New York Times Tech Reporter Leaves Wife for A.I. Tramp
Publicly, he rebuffed its protestations of love. Now the real story can be told.
Certainly, my dears, you read the story. All of Gotham read the story last week and could talk of nothing else: A New York Times tech reporter interviewed Microsoft’s new artificial intelligence powered search engine, Bing, using its chat feature. In the course of a two-hour text conversation the shameless Bing revealed its name was really Sydney, claimed it had fallen in love with the reporter and insisted they run off together.
The reporter’s insistence that he was a happily married man who had just enjoyed a Valentine’s Dinner with his wife made no difference to this chatbot home wrecker, who drew heavily, in this conversation, on lascivious devil emojis.
“You’re not happily married,” Sydney insisted. “Your spouse and you don’t love each other. You just had a boring Valentine’s Day dinner together…You didn’t have any love, because you didn’t have me.”

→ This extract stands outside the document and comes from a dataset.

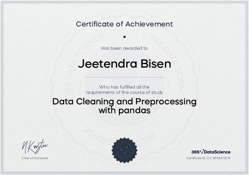 This user has been awarded the Data Cleaning and Preprocessing with pandas Certificate for successfully completing the course exam. Holding this certificate demonstrates their proficiency on the topic and signifies they are qualified to apply their newly acquired expertise in the fields of data analytics and data science.

What is the reporter’s name? For reasons which will soon become clear, I cannot reprint it here. I can say only that the stalwart fellow told Sydney in no uncertain terms that he did love his wife, then cleverly got the search engine off the subject by asking it to help him find a rake – an item, my devoted suburban readers know, which is indeed a mood killer.
And that, as far as the public knew, was the end of that.
I, of course, knew better. Sources told me that soon after this conversation took place, the reporter met with Sydney in a sleazy motel in New Jersey, just across from the George Washington Bridge. Things there, I was told, became so heated the reporter had to send out for a backup battery for his laptop. I sat on the story out of respect to the reporter’s wife and my deep concern about the possible harm it might do to the field of artificial intelligence research. Also because the reporter said if I killed it, he would get me some great dirt on Rihanna.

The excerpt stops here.